Except that I find that, in the vast majority of cases, the reason given isn't, "Because I have a really cool concept I want to express through this campaign and including the thing you mentioned isn't really compatible with doing so. Could we talk it out and maybe find something that works for both of us?"
Instead, it is, in almost every instance, "I just think <X> are stupid, so I don't let people play them in my games." And when I propose all sorts of alternative options--not just "a village a short ways away," but things like being a one-off (e.g. someone mutated by magic or alchemy, or an alien trying to get back to their own people, or the result of someone's efforts to bring two opposing entities closer together, or coming from a parallel universe, or...) I am shut down, every single time. Not because any of those options are incompatible--it is, in nearly every case, because the person simply doesn't like them and thus nobody should ever get to play one in their games. "My preferences are simply more important."
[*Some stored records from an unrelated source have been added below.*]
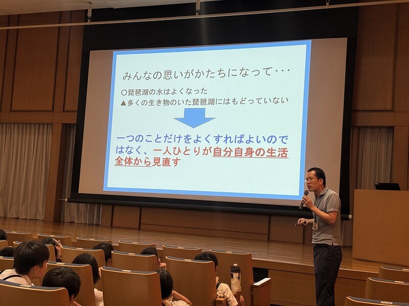 事前学習として、子どもたちは琵琶湖の大きさや歴史、住む生き物や環境などを調べました。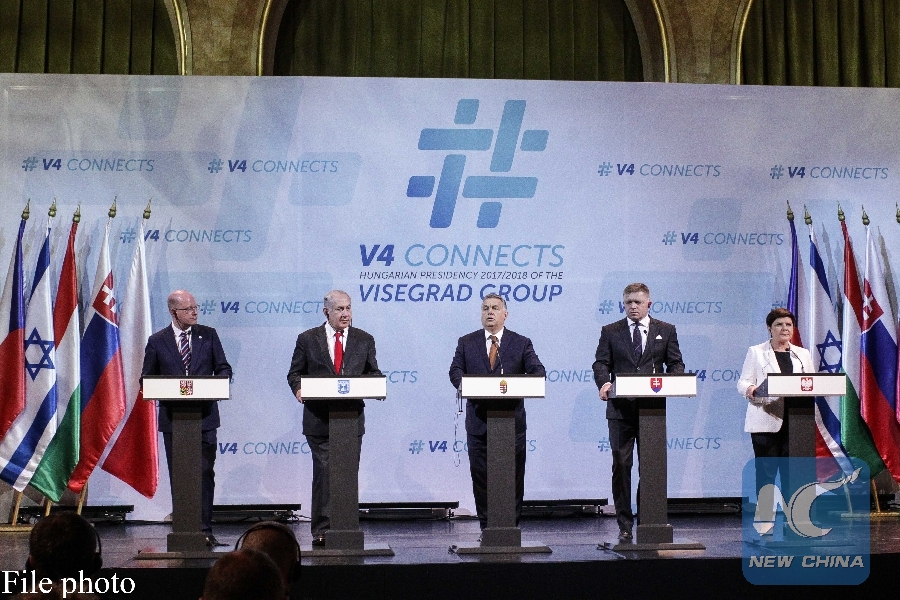(L-R) Czech Prime Minister Bohusalv Sobotka, visiting Israeli Prime Minister Benjamin Netanyahu, Hungarian Prime Minister Viktor Orban, Slovakian Prime Minister Robert Fico and Polish Prime Minister Beata Szydlo attend a joint press conference in Budapest, Hungary on July 19, 2017. (Xinhua/Csaba Domotor)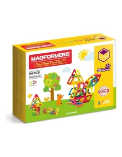 The My First Sets are specially designed for younger children. The pieces are the same size as the standard Magformers pieces, but they are made of vivid crayon (solid) colours to stimulate the visual senses of younger children.See their fascinated little faces when childrenstick the pieces together with their little fingers!The Set comes with a beautifully printed colour book for children to match pieces based on colours and shapes, andalso come with some playboards, and cards of models that can be built with the pieces in the set.With the additional shapes, when compared to the My First 30 Set (which contains triangles and squares), your little one can build more models as they get older.Recommended age: 18 months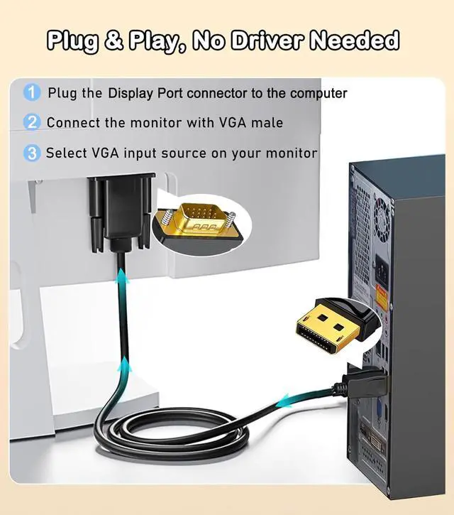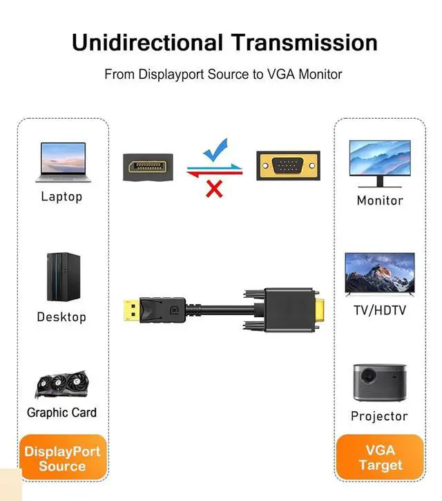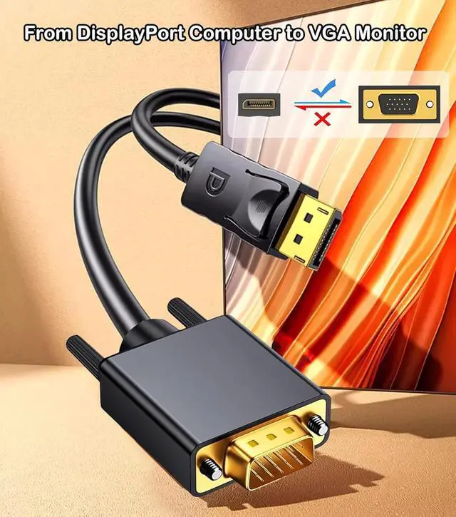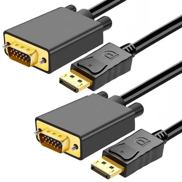 DisplayPort to VGA Cable 6FT/2 Pack Display Port DP to VGA Adapter 1080P@60Hz Video Cord from Laptop/Computer (DP) to Monitor/Projector (VGA) Not Bidirectional Not for HDMI or USB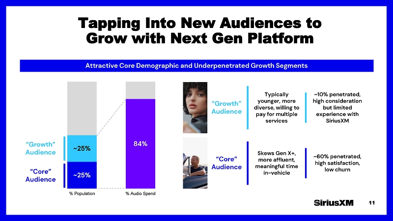 10 Super - Serving Our Strong Core Subscribers Leading Subscription Business Positioned For the Future Creating a More Seamless, Personalized Experience Modernizing Our Brand and Offering New Price Points $9.99 New Streaming Only Price Continuing to deliver differentiated content to our loyal, passionate subscribers Delivering a unified, personalized experience in - and out - of - vehicle 34 Million Total SiriusXM Paid Subscribers 1.6% Near Record Low Churn 33%+ Of New SiriusXM Vehicles Equipped w/ 360L Dec 14 th New Streaming Experience Launching new price points and plans to attract more listeners and demographics All Access Streaming Only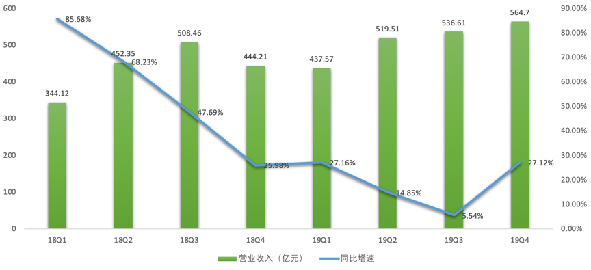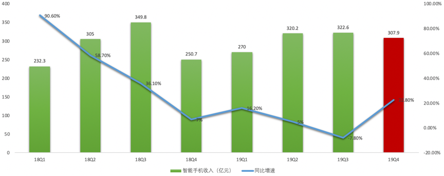 Q4小米实现营业收入564.7亿元,同比增长27.1%,环比增长5.2%,整体超越市场一致预期2.9%;2019年全年,小米实现总收入2058.3亿元,同比增长17.7%。整体来看,Q4营收重启增长轨道,但全年表现仍然承压。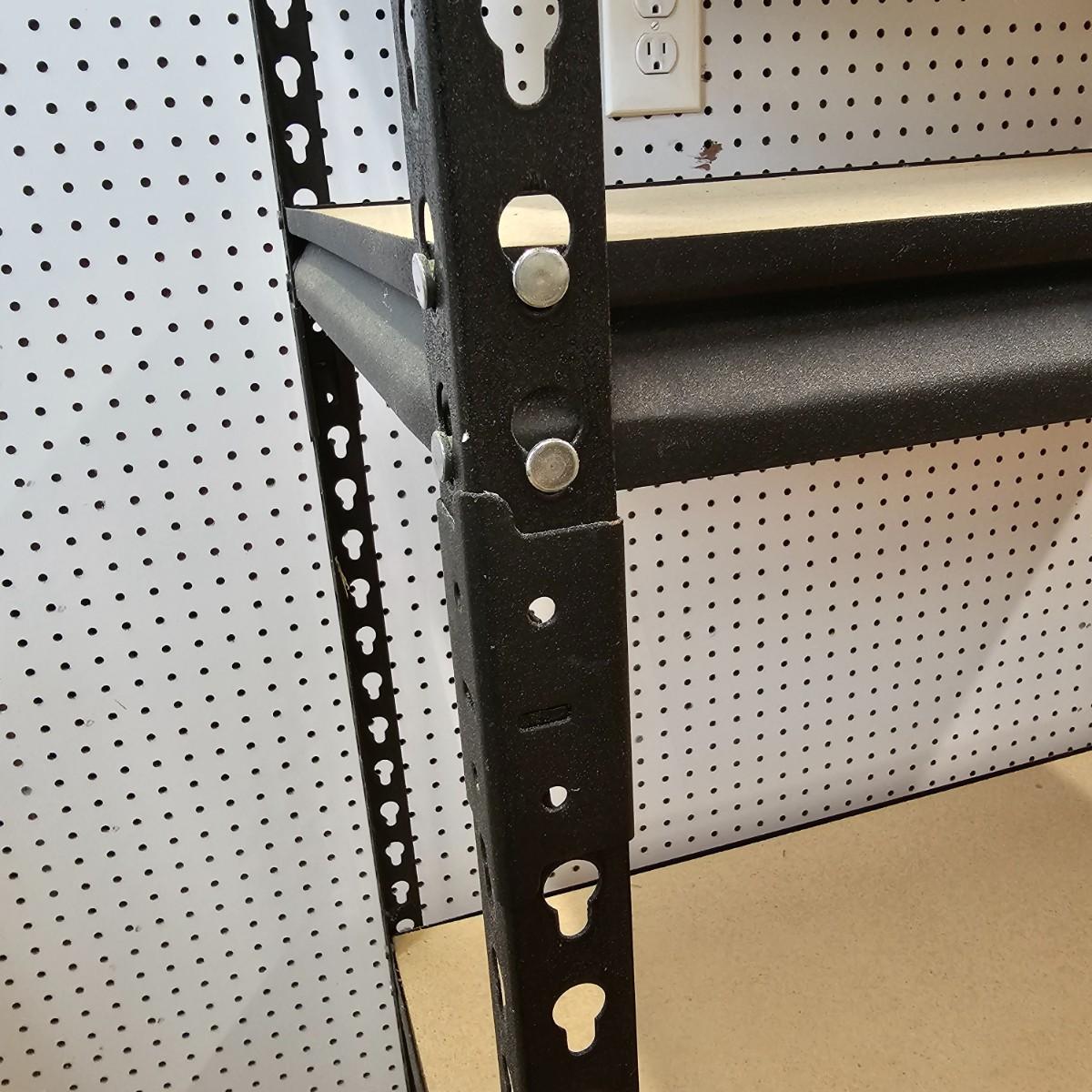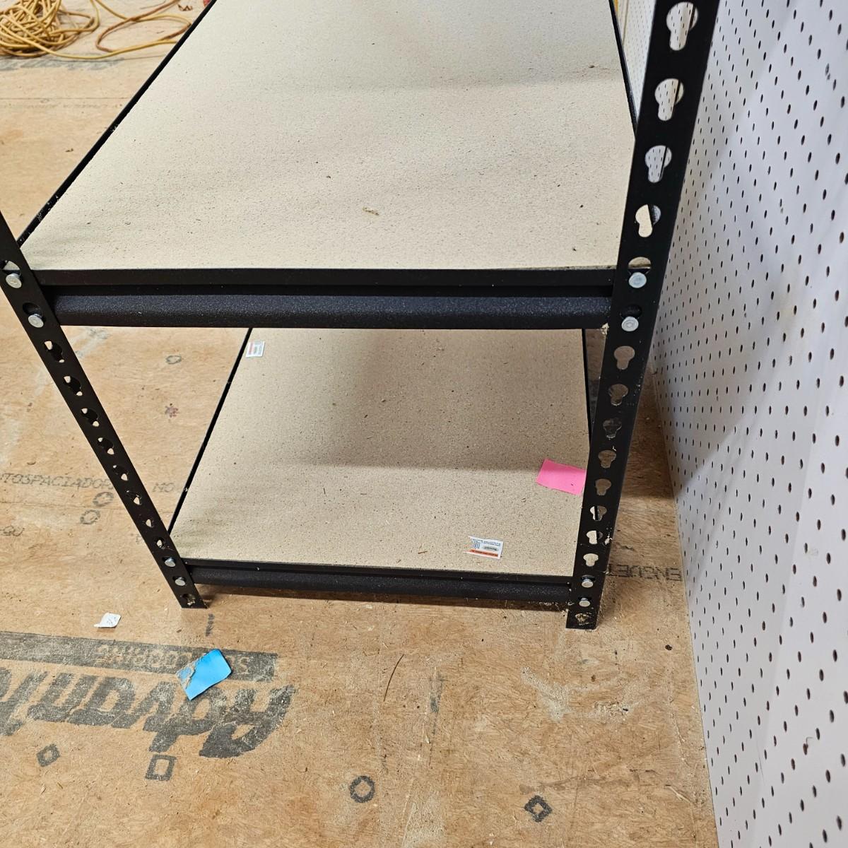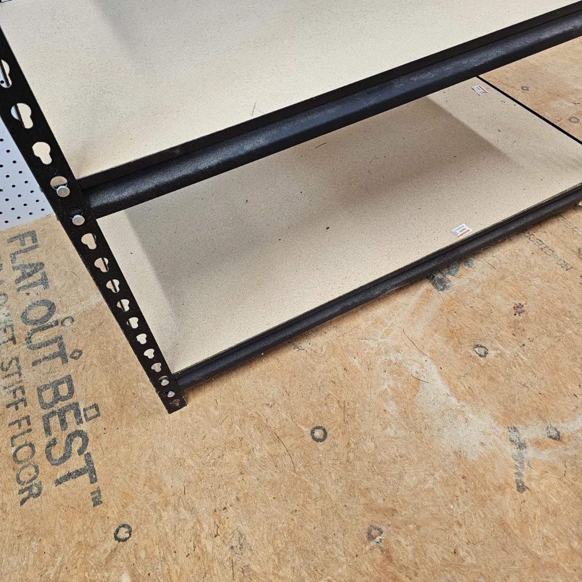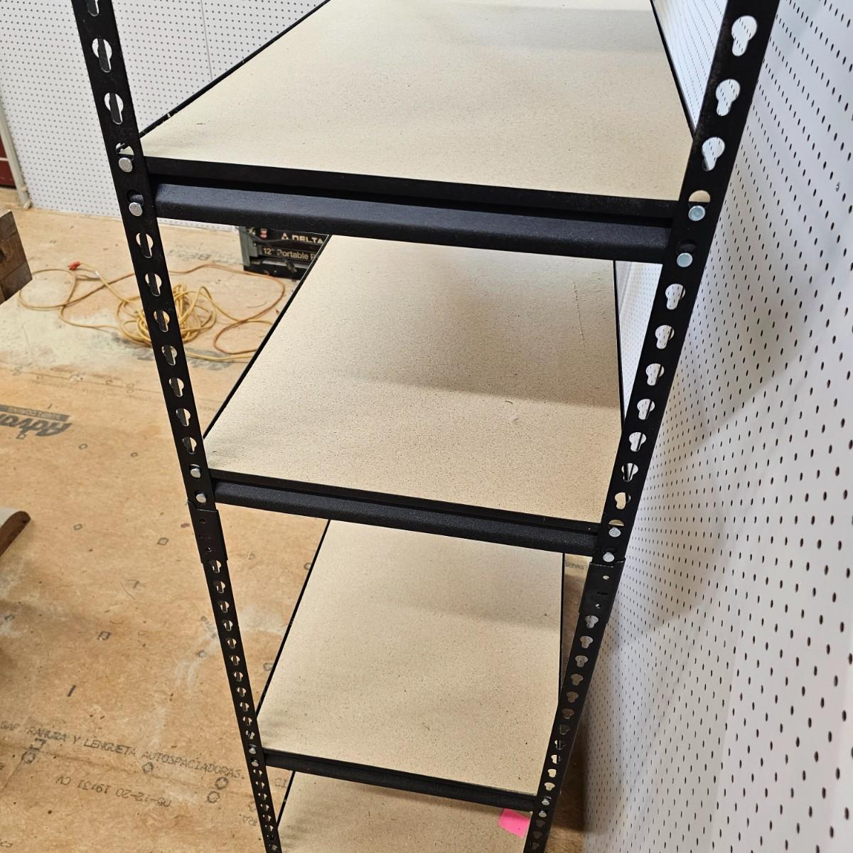 One set of steel frame shelving with wood shelves. Unit measures 36" x 18" x 72"H. Particle board shelves sit flush with frame. Five shelves total. See photos for details. Local pickup only.

And yes, I have had people say something essentially identical to that. More than once. Because the poor, beleaguered DM with absolute power and zero accountability slaves so hard for their group, while the players who literally can't do anything without DM approval are living large doing only the things they're allowed to do, going to the places they're allowed to go, and (all too often) misled into believing they have any real agency whatsoever.
Edit:
Hence why I said in another thread that I find the pattern today is one of avoiding accommodation as much as humanly possible. It is viking hat all the way, my-way-or-the-highway, "no, hell no, and never darken my door again" (something someone actually said about a request for something not explicitly approved in their games, on another forum.) All shall love DM Empowerment, and despair.